Ela é a bilionária mais jovem do mundo. Assim como sua irmã Dora, possui 3,1% da Weg e já recebeu milhões em dividendos. Atualmente, está cursando psicologia na universidade, segundo a Forbes.

2. Clemente Del Vecchio
Idade: 20
País: Itália
Fonte de Riqueza: Óculos
Patrimônio Líquido: R$ 31,5 bilhões (US$ 5,2 bilhões)
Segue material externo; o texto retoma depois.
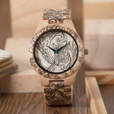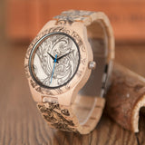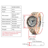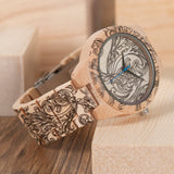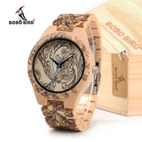 BOBOBIRD Tatto Print Wooden Watches Mens All Maple Wood Quartz Wristwatch in Wooden Box

É o terceiro filho dos Del Vecchio e o quarto herdeiro de uma fortuna de óculos entre os bilionários com menos de 33 anos. Assim como seus irmãos, possui 12,5% da holding Delfin, que detém participações em várias empresas, incluindo a produtora de Ray-Ban, EssilorLuxottica.

3. Kim Jung-youn
Idade: 20
País: Coreia do Sul
Fonte de Riqueza: Jogos online
Patrimônio Líquido: R$ 7,8 bilhões (US$ 1,3 bilhão)

Ela e sua irmã possuem aproximadamente 9% cada uma da Nexon, editora de jogos online sul-coreana-japonesa fundada por seu falecido pai, Kim Jung-ju, em 1994. Herdaram suas participações após a morte dele, aos 54 anos, em 2022. Nenhuma das duas irmãs tem envolvimento direto na empresa.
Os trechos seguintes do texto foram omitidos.